This is an C++14 implementation of Consistent hashing, abstracted as a Ring
of tokens, with a ring_segment
data structure that represents a segment of the ring. We have been using this implementation for many years in building multiple distributed systems, including our massive scale, high performance distributed store (CloudDS).
Please check the comments in the single header file for how to use the data structures and their APIs, and how it works. It is pretty trivial to use it and various useful methods are implemented for building robust distributed services. You should also check the wiki, startng with the transition plan page
Just include consistent_hashing.h, and make sure you set std=c++14
or higher compiler option.
If you are going to need more than 2^64 ring tokens, and you probably should, you will need a struct or class to represent it (because an uin64_t won't suffice). In this case, you need to implement a few things:
- You need a
TrivialCmp()
implementation for your token type. This should return < 0, 0, or > 0 depending on the comparison result of two tokens.

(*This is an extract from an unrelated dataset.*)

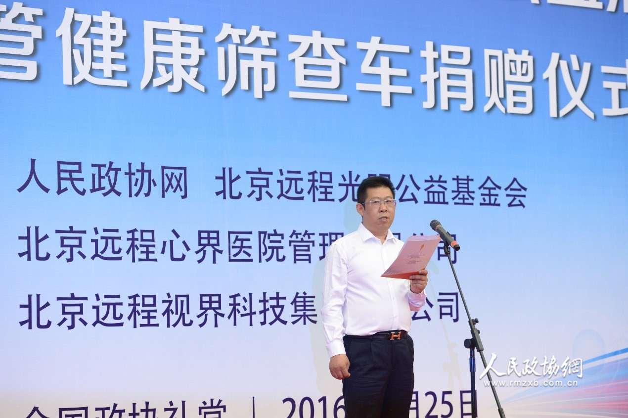 “全民健康促进工程”为全民,“全面健康促进工程”靠全民。做好这项惠泽群众的公益事业,需要社会各界的努力、坚持和付出,更离不开爱心人士和爱心企业的大力支持?;疃殖?,给予“全民健康促进工程”公益项目大力支持的爱心企业——北京远程视界科技集团有限公司副总裁尹和清在致辞时表示,善举创造和谐,爱心传承美德。捐车助医是一项功在当代、利在千秋的事业。作为全国最大的心血管病远程医疗运营机构,企业一贯秉持着“帮助老百姓解决看病难看病贵”问题的服务宗旨,充分发挥互联网技术优势和运营优势,并依托阜外医院的品牌与专家技术优势,将一流的专家诊疗技术服务送到基层。构建国家级、省级、市级三级远程专科会诊中心,实现县、乡、村三级专病防治健康管理初级保健网络体系,助力分级诊疗的实现。

Hopefully, a future C++ standard update will introduce the spaceship operator we could override and solve this more elegantly, but for now this will have to do.
template<>
static inline int8_t TrivialCmp<hugetoken_t>(const hugetoken_t &a, const hugetoken_t &b)
{
// return comparison result
}
- You will need to implement an appropriate
std::numeric_limits<hugetoken_t>::min()
, like so:
namespace std
{
template<>
struct numeric_limits<hugetoken_t>
{
static inline const hugetoken_t min()
{
//return minimum possible token (e.g 0)
}
};
}
- Implement appropriate
std::min()
andstd::max()
methods like so:
namespace std
{
template<>
inline const hugetoken_t &min<hugetoken_t>(const hugetoken_t &a, const hugetoken_t &b)
{
// return whichever is lower
}
template<>
inline const hugetoken_t &max<hugetoken_t>(const hugetoken_t &a, const hugetoken_t &b)
{
// return whichever is higher
}
}
- Finally, you should implement appropriate
operator==
,operator!=
,operator<
andoperator>
methods for your hugetoken_t
This is really not that much work, and chances are you are already doing that anyway to support other needs of your codebase.
Please read about transition plans first.
#include <consistent_hashing.h>
int main()
{
using token_t = uint32_t;
using segment_t = ConsistentHashing::ring_segment<token_t>;
using ring_t = ConsistentHashing::Ring<token_t>;
using node_t = uint32_t;
// Suppose we have a simple ring, and of those tokens, only
// one is owned by the node we wish to update (node 1)
std::pair<node_t, token_t> ringStructure[] =
{
{100, 10},
{200, 20},
{300, 30},
{400, 40},
{500, 50},
{600, 60},
{1, 70}, /* this is the only token owned by node 1 */
{800, 80},
{900, 90},
{1000, 100},
{150, 110},
{1200, 120}};
std::vector<node_t> ringTokensNodes, ringTokens;
// We need all ring tokens, and all associated nodes for those tokens.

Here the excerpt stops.